06 April 2010

Pumpkin, Pasta, Magic

There are so many amazing recipes to choose from, and I'm still having a hard time narrowing down each day's adventure. So I went through my pantry, and picked an ingredient to run with. Pumpkin won... and so Pumpkin Baked Ziti with Caramelized Onions and Sage Crumb Topping began!

Once again, I was lucky enough to have Stacy's help. That girl is a superstar in the kitchen, and it gives us something to do together while we're catching up on our dish. She started on the caramelized onions, which turned out 100 times better than my last batch.

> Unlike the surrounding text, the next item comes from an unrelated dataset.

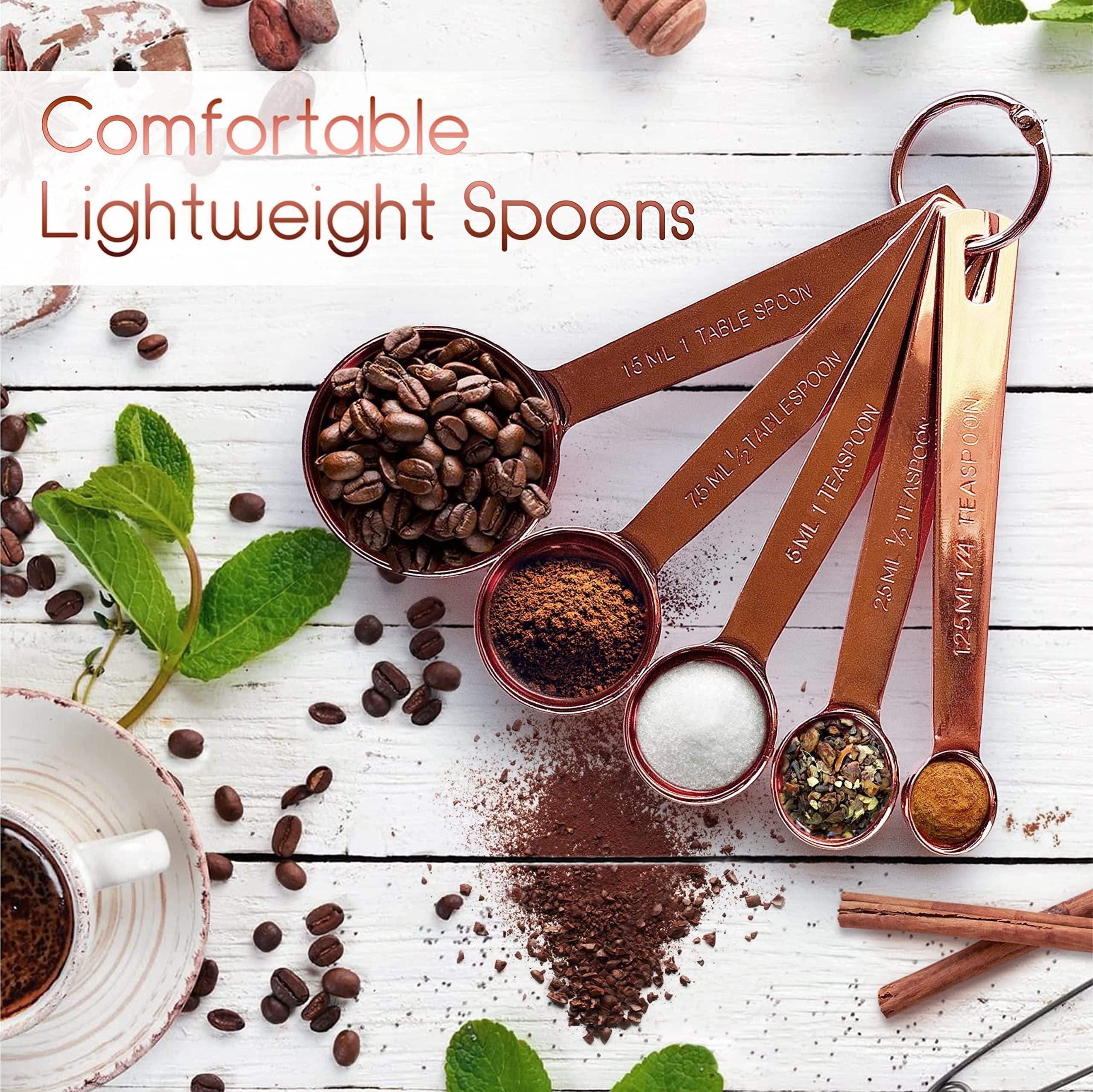 4.does not rust - metal measuring cups and spoons set made of stainless steel with copper finish, so no rust, no break, the edges are smooth

I'm attributing that to the giant cast iron pan. (Thanks for the hand me down, Mom.)

Caramelizing the onions take a lot of patience, but the browning of the natural sugars brings out a sweeter flavor, and is definitely worth the effort. Especially for dishes like this that combine sweet & savory flavors! (Plus they look pretty!)

While the onions were cooking, I whipped up the Cashew Ricotta. This was another first-time for me, and I'm now a believer. You really CAN make tofu and raw cashews taste like real, dairy ricotta. I almost hated to blend it into the recipe, and can't wait to use it on something else. (White pizza? Stuffed shells?)

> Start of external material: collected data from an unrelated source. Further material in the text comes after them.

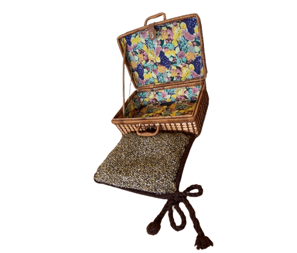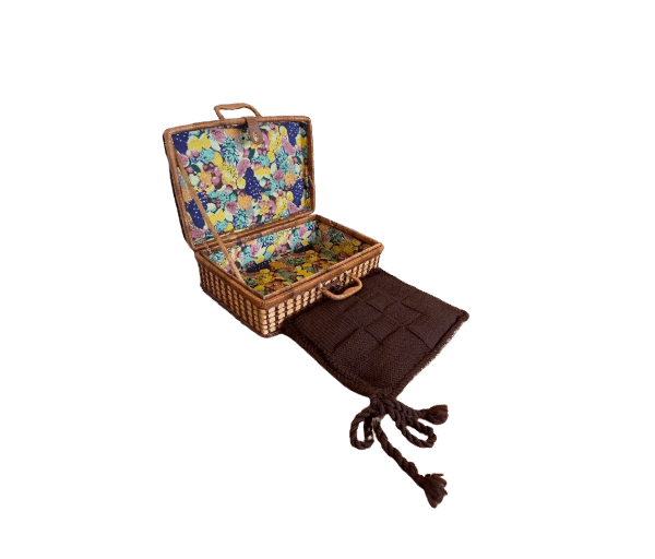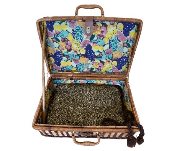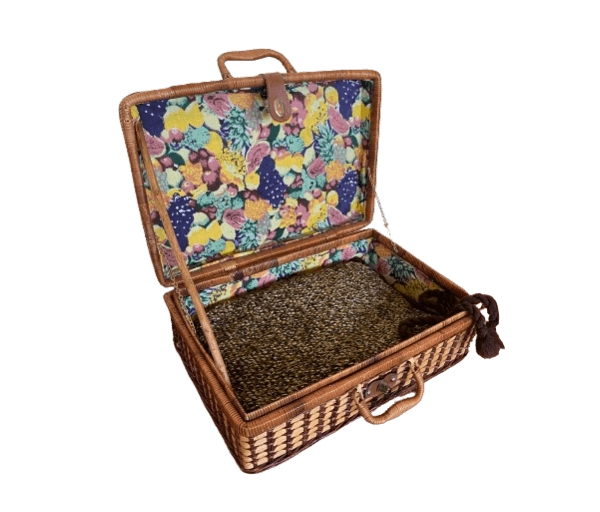 Leuk rieten koffertje, gevoerd met stof met afbeeldingen van fruit.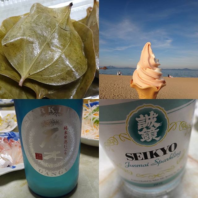 柏餅の葉が丸い由宇トマトのソフトクリーム雁木スパークリング誠鏡スパークリング#美味しかった #柏餅 #トマトソフトクリーム #雁木スパークリング #誠鏡スパークリング #潮風公園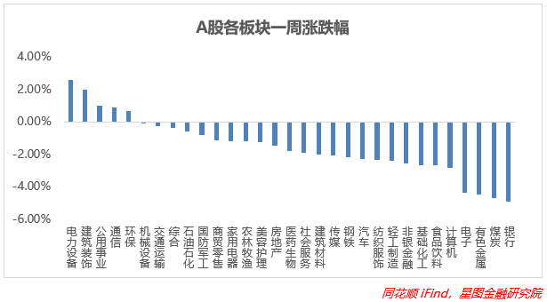 本周开盘31个板块中只有1个板块微跌(食品饮料,-0.15%),其余板块均一转跌势实现回血。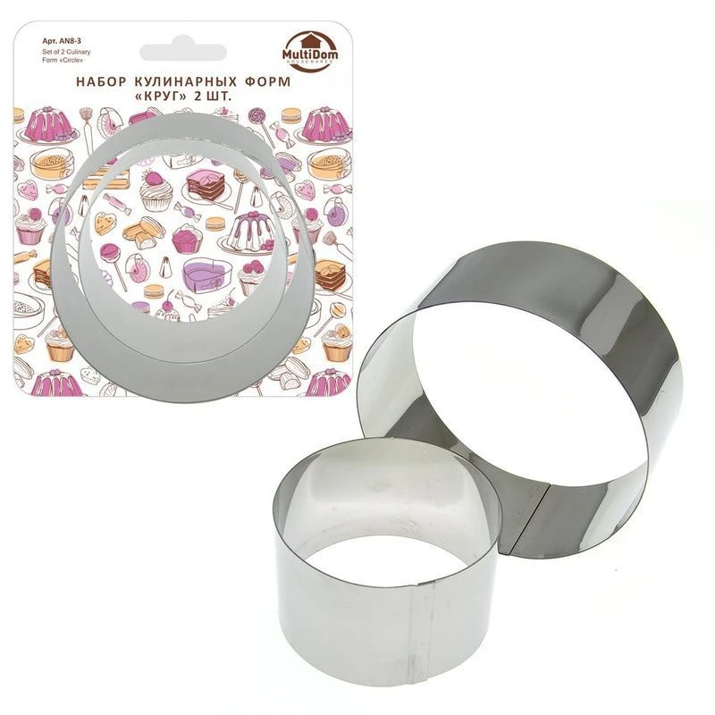 Набор кулинарных форм – полезный инструмент на любой современной кухне. В наборе 2 формы с диаметрами 7 и 10 см, высотой 4,5 см. Инструмент подходит для приготовления слоеных блюд, выкладки салатов, сборки оригинальных бутербродов, для жарки омлетов и создания креативных десертов.

Then everything was blended together and baked until perfection. The sweet nutmeg and pumpkin with the spicy cayenne and rich ricotta was amazing. Topped off with the sage and walnut bread crumbs, the depth of flavor and texture was a success. I want to experiment with even more pumpkin next round, especially for the sake of leftovers. Leftovers are one of my favorite things about cooking, and if I ever make a cookbook, I'm going to rate the leftover potential for each recipe. (In this case, the pasta absorbed all the flavor and moisture, so it wasn't half as good the day after.)

Everything is still ridiculously slow with my busted arm, but I'm trying my best. And this meal was good 'til the last bite!